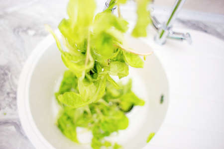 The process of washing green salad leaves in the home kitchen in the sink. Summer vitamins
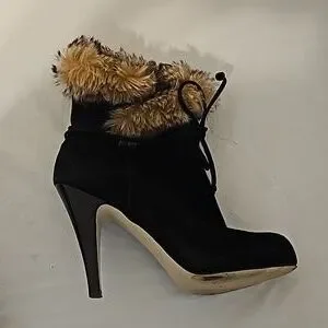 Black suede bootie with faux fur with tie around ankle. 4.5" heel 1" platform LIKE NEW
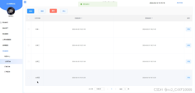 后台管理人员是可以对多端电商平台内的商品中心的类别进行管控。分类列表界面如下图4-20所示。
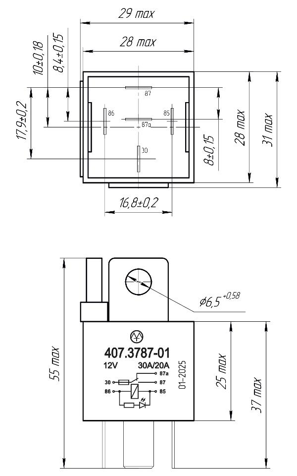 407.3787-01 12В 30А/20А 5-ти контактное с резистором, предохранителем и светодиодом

→ Directions for this task: Print the listing word for word but skip its pictures.

→ Solution to this exercise:
 The process of washing green salad leaves in the home kitchen in the sink. Summer vitamins
 Black suede bootie with faux fur with tie around ankle. 4.5" heel 1" platform LIKE NEW
 后台管理人员是可以对多端电商平台内的商品中心的类别进行管控。分类列表界面如下图4-20所示。
 407.3787-01 12В 30А/20А 5-ти контактное с резистором, предохранителем и светодиодом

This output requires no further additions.